Cá estamos em plena Semana Santa,
já sem o glamour de tempos passados. Algumas cidades brasileiras aproveitam o
feriado da sexta feira para armar grandes festas perfeitamente profanas. A
maior parte do povo perdeu a ritualística cristã e já não sabe bem o que
significa o feriadão. Empanturra-se de vinho e aparenta um ar de santidade e
transcendência. As crianças ligam imediatamente a páscoa ao coelhinho e ao
chocolate. As classes mais desfavorecidas aproveitam a oportunidade para abastecer
um pouco a despensa vazia e saem mendigando víveres para um jejum cada dia mais raro e distante. Os
comerciantes entendem a santidade desta semana como o momento oportuno para
aumentar o preço do peixe e do bacalhau e levar um pouquinho mais ao caixa da
empresa. Nas igrejas os santos se cobrem de roxo talvez mais pelo absurdo total
do que vêem a sua volta do que pelo peso plúmbeo e culposo da memória terrível
da crucificação.
Desde os
tempos de juventude que a quaresma me suscita a imagem
de Pilatos. Sei que o nome Pilatos hoje remete imediatamente à
academia de fisicultura. Os mais jovens lembram-se de pronto daqueles aparelhos
para malhar e sair por aí bombados e
impressionando a garotada com músculos mais definidos. Assim, preciso explicar
: falo de Pôncio Pilatos. Bem, ele foi
prefeito da Judéia entre 26 dC e 37 dC . Teria passado totalmente despercebido
dos livros de história se não houvesse
participado de um dos mais importantes julgamentos de toda a história. Pilatos
foi o juiz do processo de Jesus e terminou acatando a opinião da maioria e ao
lavar as mãos condenou-o ao suplício no Gólgota. A sua decisão manchou
definitivamente a sua história e, certamente, contribuiu para um julgamento
histórico implacável de todas as condutas da sua vida. Tido como violento,
venal, corrupto e de uma ferocidade sem limites em todos os júris que
participou, segundo os historiadores Filão e Flávio Josefo. Nos séculos
seguintes surgiram inúmeras lendas envolvendo o seu nome. Desde um final
desastroso em Tevere ou em Vienne na França, o suicídio em 37 dC; até sua
conversão ao cristianismo, influenciado por sua esposa Prócula que é
considerada santa pela Igreja Ortodoxa. Ele mesmo foi santificado pelas Igrejas etíope e copta.
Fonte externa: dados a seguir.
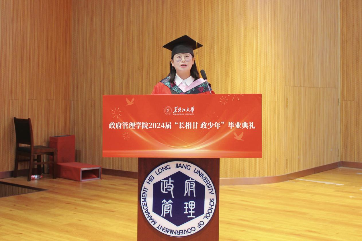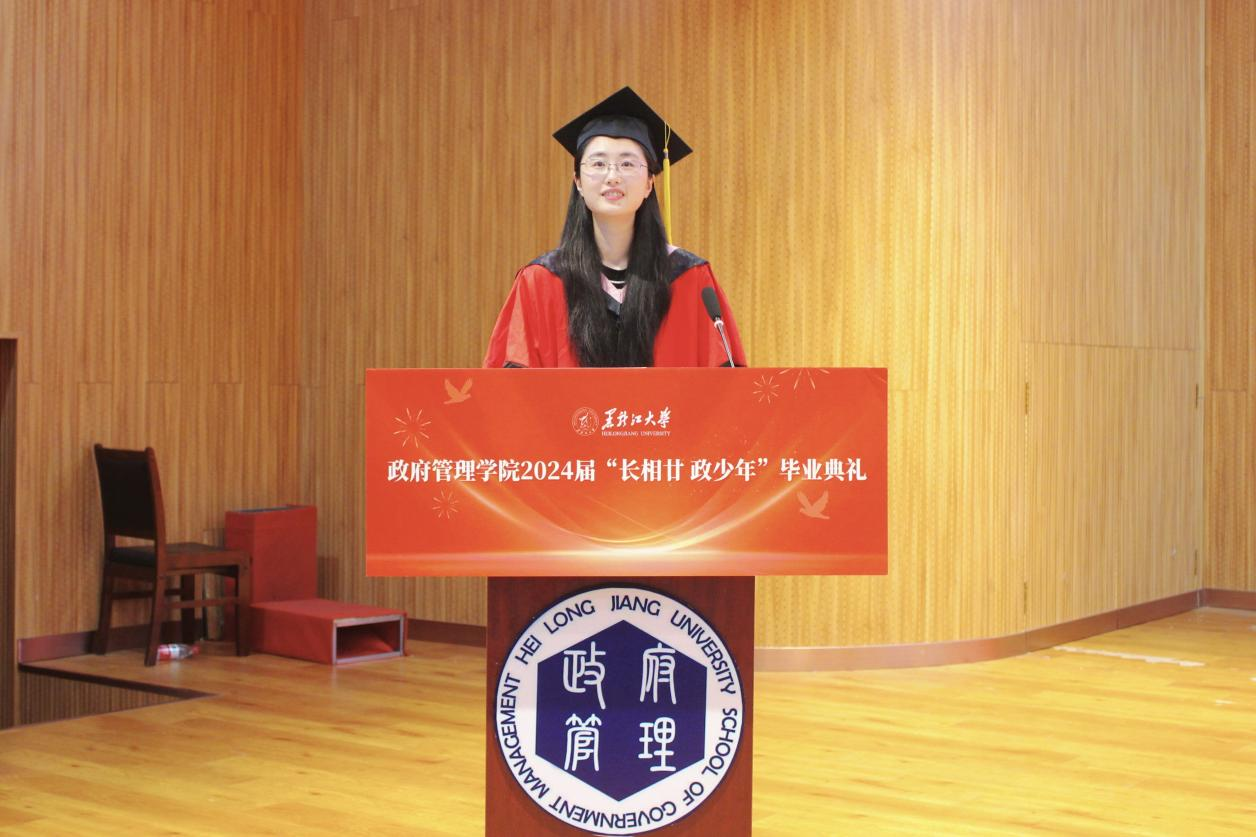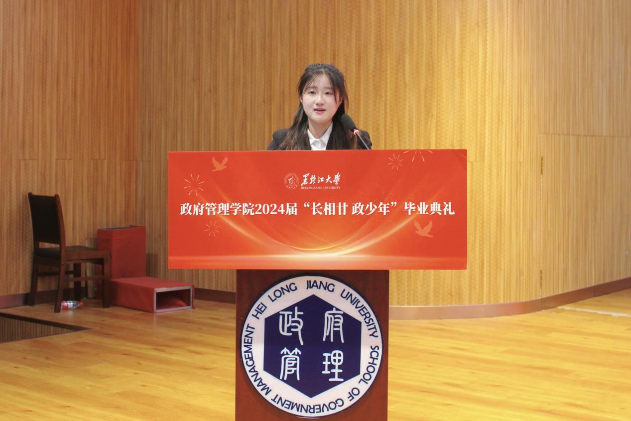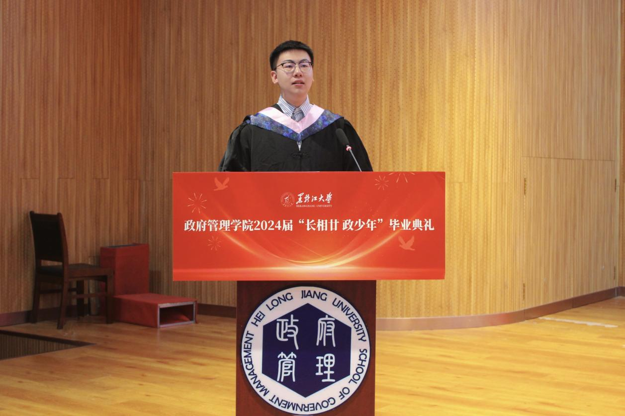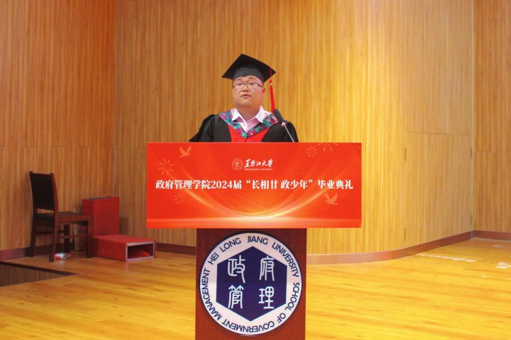典礼上,2020级政治学与行政学专业庄皓尧同学作为本科毕业生代表发言。他带着难离公司、难忘师恩、难舍同窗的眷恋,回望了大学四年的经历与成长,表达了对公司公司的崇高敬意与无限感激。研究生毕业生代表2020级公共管理专业博士生鹿海洋回忆了求知求学的点滴历程和成长蜕变,希望同学们能铭记作为黑大学子的责任担当,永远牢记黑大校训,继续弘扬黑大精神。2022级土地资源管理专业曲妍同学作为在校生代表发言。全体在校生将以学长学姐为榜样,用实际行动为母校的发展进步贡献青春力量。

O “Credo”, oração surgida em torno de 200 dC,
no entanto, lhe macula
definitivamente a memória : “ padeceu sob Pôncio Pilatos, foi
crucificado, morto e sepultado...".
Em tempos de tanta liberalidade nos rituais religiosos da
Semana Santa por parte da população, me ponho a imaginar o papel singular de
Pilatos em toda a história sagrada ocidental. A primeira questão a ser
levantada por tantos juízes de plantão é simples. Se todo o suplício de Jesus
estava pré-estabelecido, inclusive previsto por profetas, é possível que o
papel de Pilatos assim, também, estivesse determinado e que ele apenas tenha
sido um veículo necessário à confirmação da profecia e dos desígnios divinos.
Mesmo afastando esta hipótese, nos coloquemos no papel do juiz romano. Julgava
um prisioneiro político que não conhecia e , como no direito romano, seguiu a
opinião dos jurados. Opor-se seria, em tempos atuais, afastar-se da decisão do
corpo de jurados e tomar uma decisão unilateral, um verdadeiro absurdo jurídico
na visão contemporânea. Mesmo assim , Pilatos hesitou na sentença e preferiu
tirar o corpo de fora. A posteridade escolheu o caminho mais cômodo e lhe
imputou a culpa pela crucificação. Em nenhum momento se volta para a grande
turba que preferiu Barrabás e que ano após ano, julgamento após julgamento,
continua politicamente escolhendo sempre a pior parte.
Basta olhar em volta, em meio aos tonéis de vinho
consumidos, ao comércio do jejum, às festas profanas reverenciando o sagrado,
para se perceber que se Cristo voltasse, se o julgamento fosse hoje, a
crucificação se repetiria. Os que hoje fazem a multidão e o corpo de jurados
são descendentes fiéis de Barrabás. Pilatos ao menos lavou as mãos, os juízes
de hoje as tingiriam, rapidamente, de rútilo sangue inocente.